Sunday, March 08, 2009

"Soph, You Ain't Wearin' No Underwear"

Before I begin, I just want you to know, that's not me in the picture.

I use a rectal thermometer. It makes being sick WAY more fun. That said...

What do you do when you're home and sick with a cold / mini-flu on one of the rainiest weekends in Chicago?

I mean, other than sleep a lot, drink a lot and pee a lot. 

And when I say "pee a lot," I don't mean "on someone." For a change.

Well, if you're me, you browse the internet off and on. In between coughing / hacking up a lung.

And this little "fail" video made me think to myself...

"Why don't actors get to do this on stage? 

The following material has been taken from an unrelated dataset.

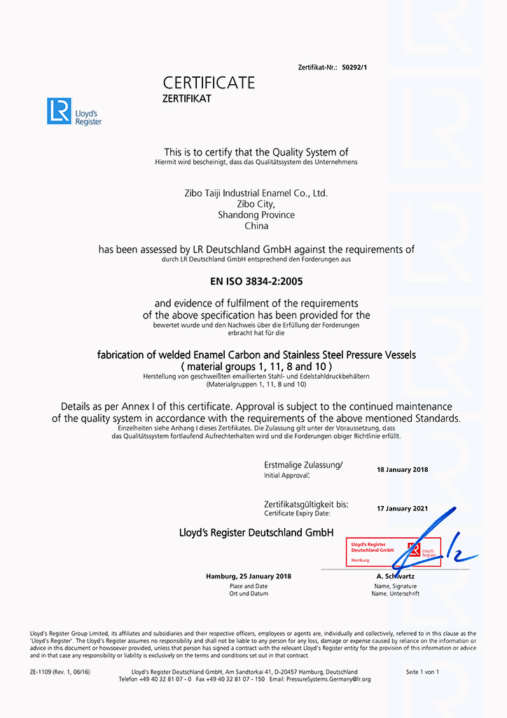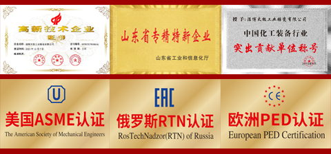 淄博太極在中國(guó)搪玻璃設(shè)備制造行業(yè)中首家通過(guò)ISO90001質(zhì)量體系認(rèn)證,并擁有美國(guó)ASME認(rèn)證、歐洲PED認(rèn)證以及國(guó)家部門(mén)頒發(fā)的搪玻璃制造許可證、進(jìn)出口許可證和百余項(xiàng)榮譽(yù)證以及三十六項(xiàng)專(zhuān)利等。

Apparently, the Goodman Theatre's six-hour, nine-act (I'm not joking) production of Eugene O'Neill's play Strange Interlude could benefit from one of the actors, feeling really great about the scene he just played, walking to the edge of the stage, shouting, "Nailed it!" and doing that ping-pong champ's dance. 

P.S. To whomever it was sitting in the balcony of the Goodman's press opening for "Strange Interlude" who shouted back to the stage...

"Why are you butchering this play, this beautiful play?"

...I wanna party with you, cowboy.

6 comments:

Prospero said...

Yikes! As I am sure you know, theatre should never be torture. I was once in a four-hour production of "The Iceman Cometh," but at least we invited our audience into the onstage bar for a sandwich at intermission. Feel better - and I do hope you're not putting that thermometer in your mouth (unless, of course, you're into that sort of thing).

yellowdoggranny said...

hope yours doesn't turn out to hang around for 5 months like mine did.

Alanda said...

feel better, honey!!
xo

Rick said...

I'm just finishing up two weeks of that hacking crap. Hope you do much better.
Ahhh Everyones a critic.

Aaron said...

Six hours of Eugene O'Neill...Stephen is ill...

Hmmmm.....connection...is...emerging...

Hmmmm.....

Java said...

Hope you feel better soon. The key, you know, is to stay home and rest.